Finalement, Lénissu et Drakvian partirent chercher les yabrias et nous réussîmes à convaincre les deux raendays de s’asseoir avec nous sur l’îlot de terre sèche. La lumière illuminait peu à peu les roseaux à travers la brume. En attendant le retour de Lénissu et de Drakvian, Kahisso nous raconta plus en détail tout leur périple dans le marécage, avec l’objectif manifeste d’essayer de se rappeler ce que diables il s’était ensuite passé… Madeyssa ne semblait faire aucun effort, argumentant qu’il ne fallait chercher aucune explication « magique » à tout cela et que le mieux était de partir le plus tôt possible chercher leurs compagnons. Je remarquai que la raenday avait un accent singulier et, quand je lui demandai si elle venait de l’Empire d’Iskamangra, elle arqua un sourcil et acquiesça sèchement.

— Je suis d’Enzalrei. Et je manie une masse depuis l’âge de huit ans. Et ma masse, personne ne me la vole —affirma-t-elle, presque en aboyant. Elle cligna des yeux, comme si elle était prise d’un soudain étourdissement—. Ces voleurs, qui qu’ils soient, le payeront cher —murmura-t-elle.

Lorsque Lénissu et Drakvian réapparurent avec une yabria pour chacun, Madeyssa s’était plongée dans un silence inébranlable et Kahisso, méditatif, murmurait entre ses dents :

— Non, quelque chose a dû arriver juste après que Wundail a tué l’anfiver. Moi, j’étais avec Mady. Il y a eu un bruit. Oui, il y a eu un bruit. À moins que ce soit avant —ajouta-t-il, en se frottant le front—. Oui, oui. C’était avant. —Il secoua la tête, perdu—. Mais avant quoi ?

J’échangeai avec Aryès un regard à la fois inquiet et amusé. Vraiment, ce qui était arrivé à Madeyssa et Kahisso était inexplicable. D’un côté, j’étais atterrée à l’idée que quelque chose, dans ces marais, était capable de troubler les pensées au point de faire perdre la mémoire. Et d’un autre côté, je trouvais amusant d’avoir rencontré deux raendays au milieu de nulle part.

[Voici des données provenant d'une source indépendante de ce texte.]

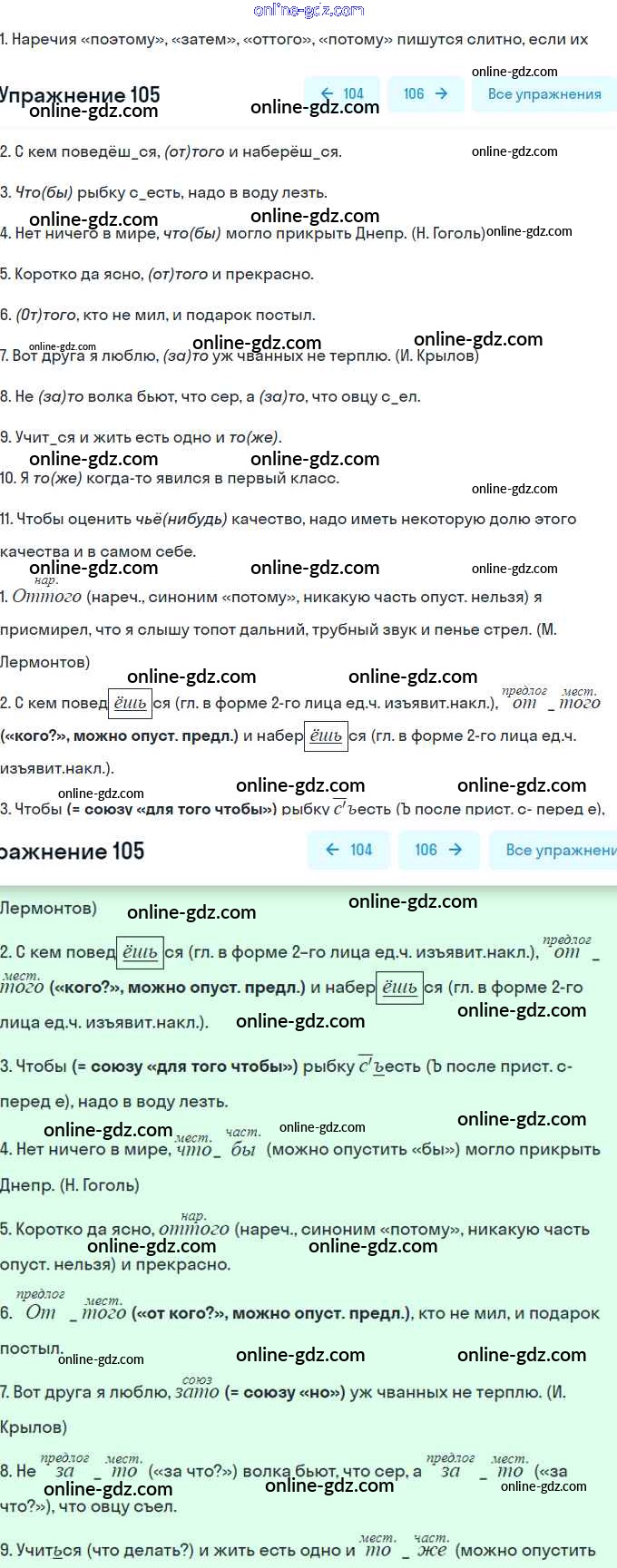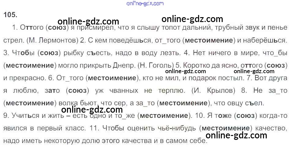 Готовые домашние задания по Русскому языку за 7 класс Рабочая тетрадь Ефремова, Баранова УМК 2017 - Упражнения 105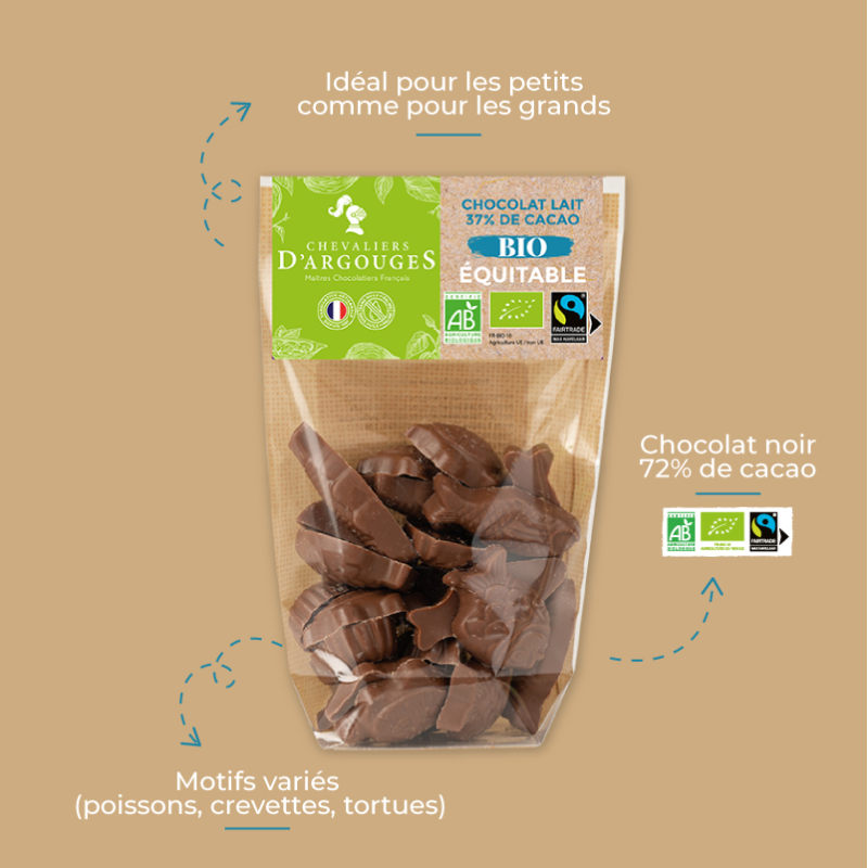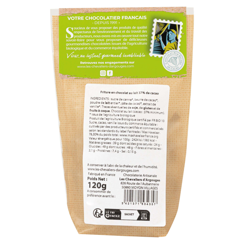 L'incontournable de Pâques, les fritures chocolat lait bio 37% de cacao et fabriqué à la main dans nos ateliers en Normandie.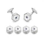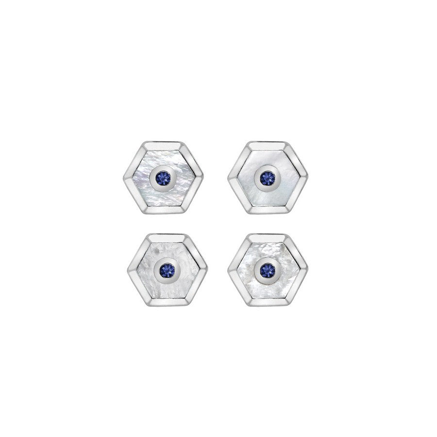 Sterling Silver Hexagonal Dress Stud Set - Mother-of-Pearl & Sapphire

La situation était plutôt insolite.

Curieusement, l’aspect dégoûtant des yabrias ne souleva aucun commentaire de la part des raendays : ils commencèrent à avaler le déjeuner presque sans regarder.

“Décidément, ils sont encore loin d’avoir récupéré toutes leurs facultés”, déclarai-je à Syu et à Frundis. Le singe ne put que tomber d’accord avec moi.

Lorsque nous terminâmes de manger, Lénissu et moi nous levâmes en même temps.

— Bon, si nous nous mettions en marche, qu’en dites-vous ? —proposa Lénissu.

Madeyssa releva brusquement la tête, comme si elle se réveillait après un long sommeil.

— Quoi ? Une minute. Si vous décidez de voyager avec nous, que les choses soient bien claires : ici, c’est moi qui commande —fulmina-t-elle—. C’est clair ?

Et sur ce, elle se leva et elle quitta l’îlot en pataugeant entre les roseaux.

— Kay —appela-t-elle.

Une lueur d’exaspération passa dans les yeux de Kahisso.

— Comme si j’étais son chien —grommela-t-il. Cependant, il se redressa et, sans même nous jeter un regard, il prit la même direction que Madeyssa.

Mes compagnons et moi, nous nous lançâmes des regards éloquents.

— Des Raendays —soupira Lénissu, comme si cela expliquait tout—. Ça donne envie de prendre une autre direction…

— Ils sont désarmés, Lénissu —lui rappelai-je calmement—. Et je crains qu’ils n’aient pas encore toute leur tête.

— En plus —Lénissu soupira de nouveau.

— Et puis, Kahisso m’a sauvé la vie —ajoutai-je.

Mon oncle arqua un sourcil.

— Ne me dis pas que Srakhi t’a convertie au say-guétranisme ?

Je roulai les yeux et, sans plus attendre, nous nous mîmes en marche pour suivre les raendays au milieu des roseaux, de la boue, des serpents, et qui sait de quelles autres horreurs.